Another tenet of AB 1705 included a requirement for the chancellor’s office to publish a dashboard on their website that tracked student progression and completion of transfer-level English and math. The law required the dashboard be updated annually and date back to 2015.
The data surrounding these changes shows mixed results and doesn’t factor in external influences like the COVID-19 pandemic.
The total number of SRJC students who passed transfer-level math courses within one year of beginning math at the college increased by 86 students during the 2023-2024 academic year.
However, the percentage of students who passed transfer level courses within one year was nearly 15 percentage points below its peak which came in 2018-2019 in the period of time between the passing of AB 705 and AB 1705, according to the CCC dashboard.
In transfer-level English courses, CCC’s dashboard shows similar results.

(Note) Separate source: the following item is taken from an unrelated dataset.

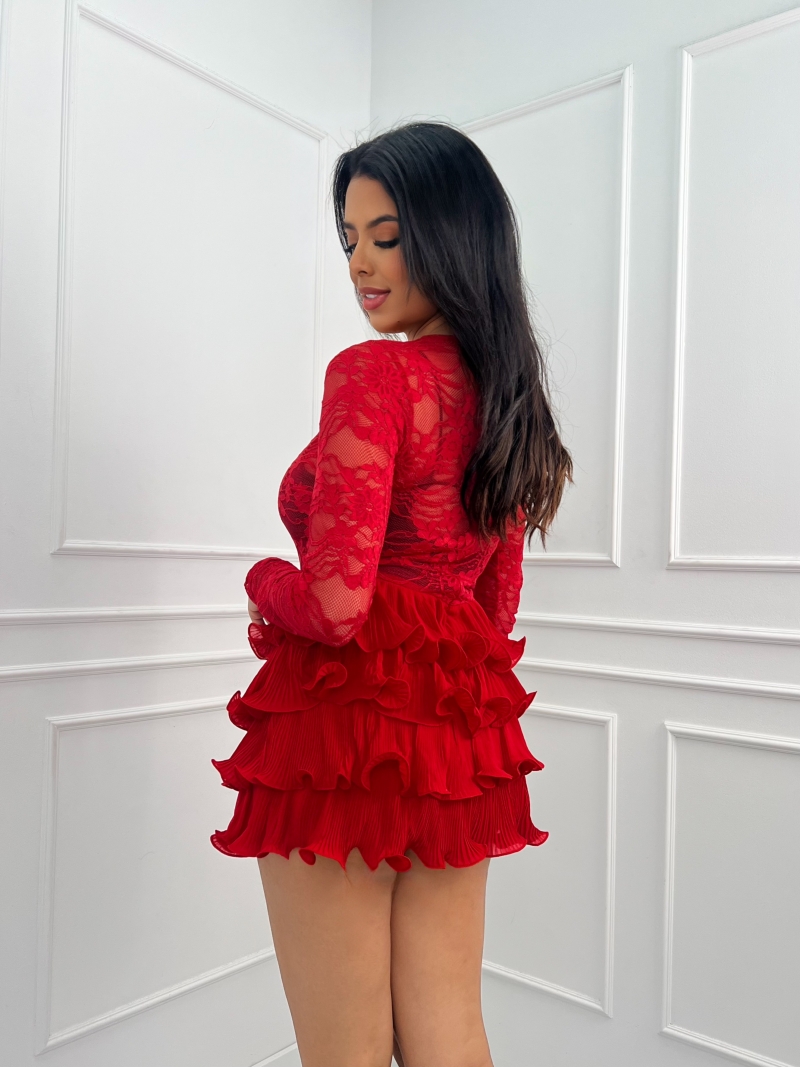 Kombinezon koronkowy mini z falbanami Dulce – Urok jesiennej elegancji!

The total number of students who passed a transferlevel course increased by nearly 300. Yet, the success rate remained nine percentage points below its peak of 81% in 2018-2019.
The data shows a steeper drop off in success rates for students attempting a math course one level below a transfer-level course.
The total number of students passing these classes peaked in 2017-2018 at 182 and fell to just five in 2022-2023. Some faculty members take issue with the process used to collect this data.
“Our biggest objections to the data they collect, it’s all post-census data,” Carlin- Goldberg said.
Post-census data is collected after the census period during the first three weeks of each semester. Typically it is the first two to three weeks of the semester when students are able to drop classes without consequence.
“You generally see a drop off in students between the start of the semester and the census date,” Carlin-Goldberg said. “These are the students who figure out early on ‘oh, this class is not going to work for me.’”
She said students will also often drop out of one math class and enroll in another during the period.
The data the department has independently collected shows a bimodal graph, a concentration of students split on either end of the grading scale creating two peaks at the top and bottom with a valley in between.
An increasing number of students earn either an A or F, while fewer students score between the two, Carlin-Goldberg said. Carlin-Goldberg acknowledged more changes the math department plans to implement moving forward, such as increasing the number of classes that offer a concurrent support course.
“We want to add these courses because students really need the assistance,” Carlin-Goldberg said. “We want to get the success rates up and the pass rates up.”